Do Decreto-Lei n.º 75 /2010, de 23 de Junho de 2010, que «Procede à alteração ao Estatuto da Carreira dos Educadores de Infância e dos Professores dos Ensinos Básico e Secundário, aprovado pelo Decreto-Lei n.º 139-A/90, de 28 de Abril»
Publicado no Diário da República n.º 120, Série I, de 23 de Junho de 2010
A importante luta dos professores em defesa da Escola Pública e da dignidade e valorização da sua carreira profissional, levada a cabo de forma persistente e com todo o empenho das suas estruturas sindicais, traduziu-se em resultados políticos de grande relevo. Isto é válido, quer no que respeita ao resultado final global da negociação que veio verter, no novo estatuto, um importante conjunto de reivindicações centrais nesse processo de luta dos professores, quer no que diz respeito às alterações no quadro da correlação de forças na Assembleia da República.
O fim da divisão da carreira é certamente a mais evidente vitória, mas não serão insignificantes alguns avanços, tias como a dispensa de realização da prova de ingresso pela generalidade dos docentes contratados que se encontram no sistema, ou, ainda o modelo de avaliação de desempenho que, no entanto, acaba por ser subvertido pelo modelo de gestão escolar que vigora e pelas quotas constantes no SIADAP e aqui aplicáveis.
No entanto, independentemente dos resultados obtidos pela luta dos professores, subsistem injustiças e normas que não salvaguardam os direitos, nem respeitam a dignidade profissional dos professores portugueses. Além disso, os direitos dos jovens professores e daqueles que, mesmo não sendo jovens, se encontram em exercício da profissão através de contratos a tempo determinado, continuam sem a devida salvaguarda, nomeadamente no que toca à integração na carreira e, mesmo, ao índice remuneratório em que se encontram.

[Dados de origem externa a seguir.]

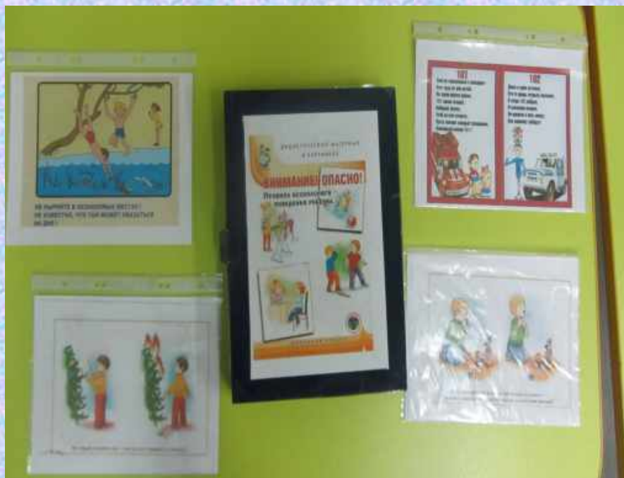
Иллюстрации «Огонь-друг и враг человека»
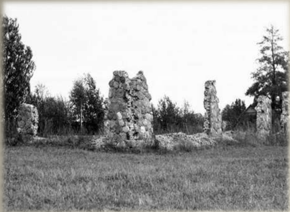
Ruiny posiadłości Piłsudskich W Żułowie okręg wileński

Do conjunto de reivindicações dos professores, destacam-se as que não foram incluídas nas questões negociadas e outras tantas que foram alvo de rejeição ao longo do processo de negociação com o Governo. O Grupo Parlamentar do Partido Comunista Português solidarizou-se desde o início com a justa luta dos professores portugueses e com cada uma das exigências que colocaram. Por isso mesmo, no seguimento desse comportamento assumido, o PCP não pode deixar de tornar a trazer para a Assembleia da República a discussão em torno das questões mais importantes e mais injustas que persistem no Estatuto da Carreira Docente.
A manutenção da prova de ingresso na profissão, a não contagem de todo o tempo de serviço prestado e o injusto reposicionamento na carreira que daí decorre, as características do regime de avaliação - nomeadamente, a impossibilidade de eleição do professor relator -, as regras e critérios para elaboração dos horários de trabalho e a sua não adequação às exigências que se colocam ao exercício da profissão docente, os conteúdos das componentes lectiva e não lectiva, ou a inexistência de qualquer regime para vinculação de docentes, entre outras questões, permanecem na lista das intervenções necessárias. Intervenções que são indispensáveis, não apenas para satisfação das reivindicações dos professores portugueses, mas essencialmente, para a dignificação do papel da Escola Pública e para a sua capacitação no sentido do cumprimento das suas responsabilidades, ainda mais num quadro tão exigente como o que decorre do alargamento da escolaridade obrigatória para 12 anos.
A Escola Pública de qualidade depende, em grande medida, das condições objectivas em que os profissionais da educação e outros profissionais das escolas desempenham as suas tarefas. A funcionalização do professor, a existência de constrangimentos burocráticos e administrativos que constituem verdadeiros obstáculos à sua plena motivação e ao seu progresso intelectual e profissional são claros entraves à realização integral da sua tarefa na formação de homens e mulheres integrados na sociedade, educados para a democracia e com uma formação cultural e cívica adequada. Ao invés, a burocratização do papel do professor, a instrumentalização da gestão escolar e das relações entre professores, a incoerência de algumas das tarefas docentes, a imposição de ritmos absurdos de trabalho e de actividades não lectivas que sobrepõe às lectivas contribuirá apenas para a degradação da qualidade do ensino, para a limitação do desenvolvimento profissional do pessoal do docente e, em última análise, para o empobrecimento paulatino da Escola Pública, cada vez mais transformada num depósito de crianças e jovens. Um depósito onde se reproduzem ou até intensificam as assimetrias sociais e económicas que se verificam na sociedade, quando, na realidade, a Escola Pública deve ser o espaço onde, por excelência, se criam as condições para uma vivência sã, num contexto de ensino -aprendizagem livre das imposições economicistas e libertado dos constrangimentos políticos que visam, no essencial, a sua desfiguração e desmantelamento progressivos.
O ataque desferido contra os direitos dos professores não é, de forma alguma, dissociável do ataque aos direitos dos trabalhadores da Administração Pública e à generalidade dos trabalhadores portugueses. É precisamente nesse sentido que a desvalorização da função docente e a limitação à progressão na carreira e ao cumprimento pleno dos deveres e direitos dos profissionais se enquadram numa estratégia de ataque às funções sociais do Estado que parece longe de ter o seu fim à vista. Valorizando o alcance dos resultados obtidos pelos professores, da dinâmica de massas que atingiu a sua luta e a sageza da negociação sindical, não deixará o Grupo Parlamentar do PCP de trazer à Assembleia da República este ou qualquer outro estatuto de carreira, como, aliás, tem feito ao longo da presente legislatura, enquanto persistirem injustiças e imposições prejudiciais à Escola, aos professores, aos estudantes e às suas famílias.
Nestes termos, ao abrigo do artigo 169.º da Constituição da República e do artigo 189.º do Regimento da Assembleia da República, o Grupo Parlamentar do PCP requer a Apreciação Parlamentar do Decreto-Lei n.º 75/2010, de 23 de Junho, que «Procede à alteração ao Estatuto da Carreira dos Educadores de Infância e dos Professores dos Ensinos Básico e Secundário, aprovado pelo Decreto-Lei n.º 139-A/90, de 28 de Abril» (publicado no Diário da República n.º120, Série I, de 23 de Junho de 2010).